#### RECORD SET

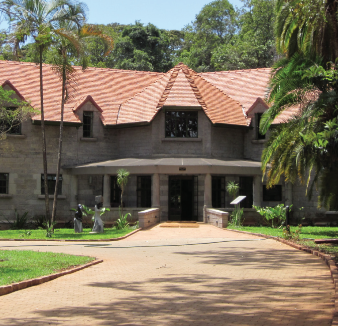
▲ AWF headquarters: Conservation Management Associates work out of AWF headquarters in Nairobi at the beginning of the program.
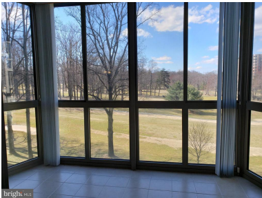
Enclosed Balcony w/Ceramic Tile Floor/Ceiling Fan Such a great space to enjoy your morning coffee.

########
#### RECORD SET

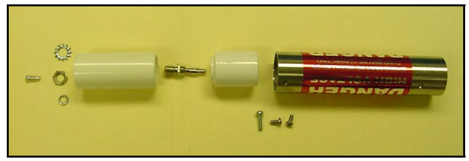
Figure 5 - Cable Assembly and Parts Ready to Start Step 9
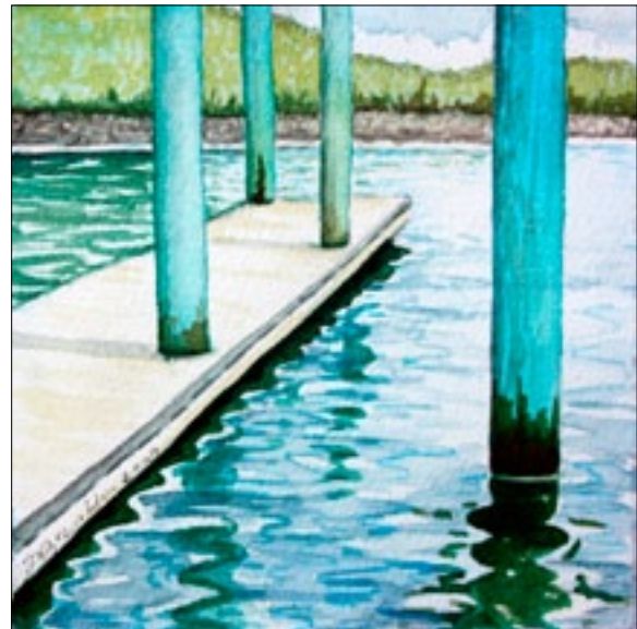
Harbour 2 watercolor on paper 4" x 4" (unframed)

########

[ACTIVITY] Write back the stretch of lines above that begins with the line holding "Figure 5 - Cable" and ends with the line holding "Harbour 2 watercolor", both included, exactly as written. Pictures stay out.

[ANSWER AREA]
Figure 5 - Cable Assembly and Parts Ready to Start Step 9
Harbour 2 watercolor on paper 4" x 4" (unframed)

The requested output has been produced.